What Should You Observe?

Architectures in general can get extremely complicated as your system grows. Therefore, the first thing to definitely go for is a map of your distributed system architecture as you begin to adopt serverless.


Another sign of overly granular architectures is when serverless functions become overly chatty. The major overhead of a granular architecture is communication and that is what should be avoided. Communication overhead and unnecessary calls to AWS Lambda functions mean more engineering complexity and potentially higher costs. Therefore, it would be beneficial to check for costs and total invocation count.

It is also recommended to dive deeper into invocations and keep track of triggering components. If it is noted that one Lambda function is constantly being triggered by the same triggering Lambda function a substantially high number of times, then maybe merging the two Lambda functions can be considered.

Additionally as mentioned, the move from monolith to microservices and eventually a pure serverless distributed architecture results in the need for communication infrastructure. It, therefore, becomes necessary to monitor the payload of data being sent between these
communication channels.

Conclusion

In conclusion, serverless is booming but it doesn’t come without its own pitfalls. There are various best practices to avoid anti-patterns, however, the ultimate solution is to couple these best practices with a strong tendency for observability. Those adopting the technology need to be of not only the antipatterns that are possible but what to monitor if they do find a way into the system architecture.

Observability is still a maturing field, and cloud vendors are now heeding the call. However, inbuilt monitoring solutions still do not fulfill the overall needs and offer only basic observability. In achieving true observability according to the three pillars of “metrics”, “traces” and “logs”, it would be advisable to look towards a third-party monitoring tool specialized for the job.

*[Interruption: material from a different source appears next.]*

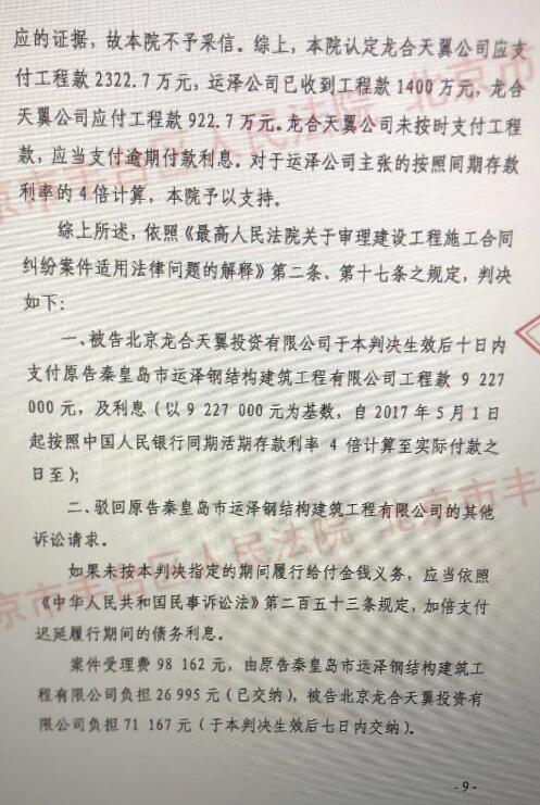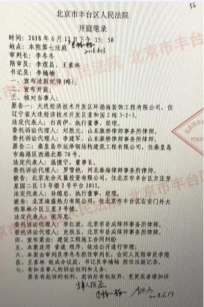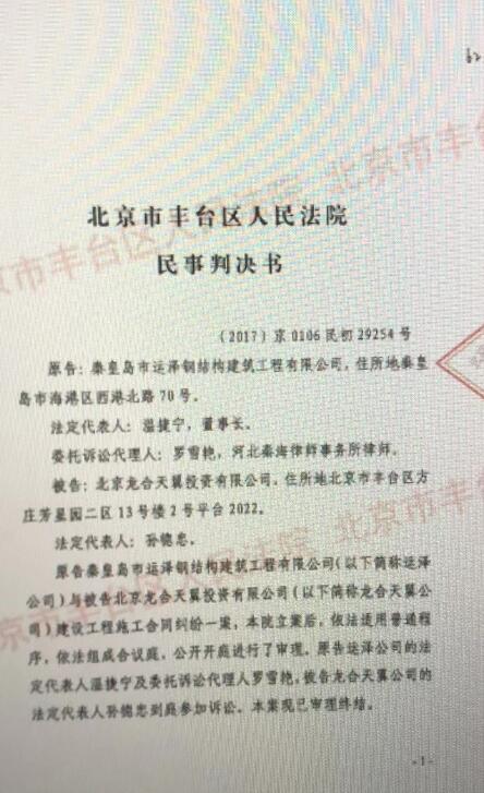 | 运泽公司法人向有关部门实名举报投诉: 公司因施工结束7年未得八千余万剩余工程款已频临倒闭应追责 文 李辉 夏至节气,酷暑难耐。而秦皇岛市运泽钢结构建筑工程有限公司(简称运泽公司)法定代表人温捷宁先生和员工及合作单位职工烈日炎炎下近日向媒体和有关部门实名举报投诉时却心情更加沉重。他们举报投诉:7年前,2016年运泽公司、大连装修公司、北京土建公司及施工人等在北京市丰台区马家堡施工龙合公寓工程,至今没有得到剩余工程款,使这些公司及施工人等均债台高筑业务瘫痪难以为继频临倒闭。他们心急如焚地希望媒体和有关部门关注此事,迅速对所反映问题予以核查,依法依规给予公众处理,以讨还自身的公道和血汗钱,把自身从绝境中解救出来,继续为国家建设做出新的奉献。 6月28日,媒体据此举报投诉材料请北京市丰台法院信访部门核实情况,该院信访部门表示将向院领导反映,使投诉者得到些许安慰。之后几天,该法院信访部门电话无人接听。 投诉人反映:法官伪造莫须有的开庭、庭审笔录和判决书 “未审而判”致政府调解陷入绝境,致施工单位工程款结算、支付陷入绝境! 据悉,优质企业运泽公司成立于2000年。2017年前,公司业务遍布河北、内蒙、辽宁、甘肃、贵州、江苏等地;公司业绩辉煌,曾经完成跨度69米的居当时全国最大跨度钢屋架施工、曾经完成直径8.5米的居当时全国最大直径钢管的施工、曾经完成第一个由中国人设计的世界级蹦极施工、曾经完成中国北方第一座悬链线铁索桥、曾经完成无数个工程业内引以为傲的全国第一的工程;施工高峰期公司每年解决300人及以上就业,公司纳税贡献巨大;公司经过多年奋斗,公司在10年前在秦皇岛市购置土地建设了属于公司自己的花园式园区,园区有土地几十亩、园区有办公楼、数据楼、综合楼、等建筑及无数建筑小品,园区楼宇建筑面积达到2万平方米。公司一派繁荣,公司成为业内知名企业优质企业…… ![]() 马家堡工程外景影印件 然而,18岁即成为中共党员的运泽公司法定代表人温捷宁反映:运泽公司完全没有想到,在2016年参与的一起北京工程而陷入绝境。2016年5月8日,北京市龙合天翼投资有限公司(以下简称龙合公司)与运泽公司签署龙合公寓工程施工合同。施工地点北京市丰台区马家堡地铁站西侧50米,施工内容是7层楼龙合公寓钢结构主体的钢梁、钢柱、楼板等施工。2016年10月8日,运泽公司完成合同任务及追加任务离开工地。 2017年3月下旬,丰台区政府认为龙合工程不合理,关闭工地。2017年8月, 丰台区政府工作组要求各施工单位去法院起诉。2017年10月,运泽公司与多家施工单位去丰台法院起诉。2019年2月26日,运泽公司得到法院判决书,见《北京市丰台区人民法院(2017)京0106民初29254号民事判决书》。 运泽公司法定代表人投诉,这个判决书所依据的开庭、庭审笔录根本子虚乌有,所以这是伪造判决书。因为这个伪造判决书没有判决依据。这个伪造判决书导致运泽公司工程款结算、支付陷入绝境,是至今所有工人得不到人工费、所有施工单位得不到工程款、政府工作组多次准备给工人施工单位解决人工费工程款而不能解决与支付的根本原因。 投诉人用确凿证据指出判决书的种种伪造。 运泽公司法定代表人、其它投诉人及权威司法人士指出:伪造判决书对应的《北京市丰台区人民法院民事一审诉讼卷宗主卷·(2017)京0106民初29254号·56页、57页、58页的开庭笔录》显示:北京丰台法院法官伪造了开庭,法官伪造了质证笔录,法官伪造了判决书,并将可能由此引发的法律后果甩锅于当事人,严重损害了司法的公信力! 伪造的开庭笔录影印件 丰台区人民法院(2017)京0106民初29254号判决书开篇即称“原告运泽公司的法定代表人温捷宁及委托诉讼代理人罗雪艳(律师),被告龙合天翼公司法定代表人孙德忠到庭参加诉讼。”完全与事实不符。 法院文件显示:盖有丰台区人民法院公章的庭审笔录上的时间白纸黑字写道“2018年6月13日下午15时50分。”这是弥天大谎。 ![]() 火车票影印件 实际情况是:①温捷宁的火车票证明,温捷宁此时正在乘坐D6620次动车,由秦皇岛驶往北京,此车的开点时间是当日15时17分,其座位号为6车厢18A;②对方孙德忠被羁押昌平看守所(有羁押登记为铁证);③特别值得一提的是温捷宁的代理人律师罗雪艳,根本就没来北京。她看到丰台法院的判决书后非常震惊和愤怒,简直不敢相信自己的眼睛,反问到“北京的法院还能造假?”庭审笔录与判决书竟然将她的名字也写错了(本来是雁,却写成了艳)。 这个子虚乌有的“判决书”在事实认定上,将整体工程结算进行拆分,致使合法权益得不到充分救济。 判决前,法官说:丰台法院是工作组成员单位、自己是工作组成员,他自己与法院院长多次去工作组开协调会!很多人知道这个事实。①法官发放判决书时,法官说:判决书中1-6楼工程款的问题在工作组协调解决而不用上诉,判决书中7楼工程款的问题在丰台法院起诉!因此,没有对判决书上诉!很多人知道这个事实。②工作组调解前,工作组与法院很多法官要求各家施工单位撤诉进行调解;所以,运泽公司7楼起诉状的结果是:只有7楼工程造价鉴定报告而没有7楼起诉状的判决书,同样,大连装修公司、北京土建公司的起诉状的结果也是:只有工程造价鉴定报告而没有起诉状的判决书。目前还是

It may be argued that the need for monitoring is trivial and that efforts should be spent substantially on building the architecture under the understanding of best practices. However, I would argue that both are as equally important and that the folly of many premature serverless adopters is not lighting up the black box they are operating in. After all, Rome was built on an anthropological model that is still replicated in today’s modern world. But it didn’t take long for it to collapse!